You already know Requests for Authorization (RFAs) as the single most effective tool for guaranteeing payment. Now RFAs play a vital role in lien declaration, as well.
Starting January 1, 2017, all medical treatment and med-legal lien claimants must file a lien declaration affirming that the claimant satisfies at least one of seven new lien claimant requirements set down by Section 8 of Senate Bill 1160. Of the seven, two prominently feature RFAs.
Part one of this blog series examined Subsection C, which states that authorized treatment guarantees the right to file a lien. Today, we examine Subsection E, which is concerned with liability and Labor Code 4600.
From Section 8 of Senate Bill 1160:
For liens filed on or after January 1, 2017, any lien claim for expenses under subdivision (b) of Section 4903 that is subject to a filing fee under this section shall be accompanied at the time of filing by a declaration stating, under penalty of perjury, that the dispute is not subject to an independent bill review and independent medical review under Sections 4603.6 and 4610.5, respectively, that the lien claimant satisfies one of the following:
- Is the employee’s treating physician providing care through a medical provider network
- Is the agreed medical evaluator or qualified medical evaluator.
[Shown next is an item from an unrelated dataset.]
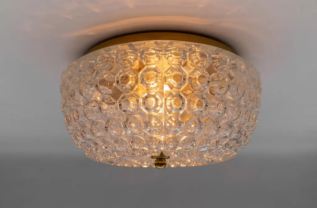 1 of 2 Huge Flush Mount Lamp in Glass by Limburg, Gerrmany 1960sWe have four different sizes of the same model with 4 pieces per size which can also be found here on the platform.The fixture need 1 x E27 standard bulb.Light bulbs are not included.It is possible to install this fixture in all countries (US, Australia, Asia, UK, Europe,..)

- Has provided treatment authorized by the employer or claims administrator under Section 4610.
- Has made a diligent search and determined that the employer does not have a medical provider network in place.
- Has documentation that medical treatment has been neglected or unreasonably refused to the employee as provided by Section 4600.
- Can show that the expense was incurred for an emergency medical condition, as defined by subdivision (b) of Section 1317.1 of the Health and Safety Code.
- Is a certified interpreter rendering services during a medical-legal examination, a copy service providing medical-legal services, or has an expense allowed as a lien under rules adopted by the administrative director.
If the claims administrator disputes liability for the injury within 5 business days of receiving a compliant RFA, it must issue a written decision deferring utilization review of the requested treatment.
If liability for the injury is subsequently accepted, the claims administrator must meet another deadline: Within 30 days of accepting liability, it must issue utilization review decisions for all previously deferred RFAs. Requesting physicians do not need to resubmit their deferred RFAs to the claims administrator – the claims administrator is automatically required to issue the decisions.
If the retrospective utilization review denies the treatment, the claims administrator must issue a written communication to the physician denying the requested services which have already been provided to the injured worker.
With the exception of emergency treatment, a physician is not allowed to submit an application for Independent Medical Review to dispute the UR decision. Similarly, the injured worker cannot dispute the decision, as treatment has already been provided. For retrospective treatment utilization review denials, filing a lien is the only option available to the provider. In this case, the written retrospective denied UR decision serves as documentation that the employer neglected or unreasonably refused medical treatment.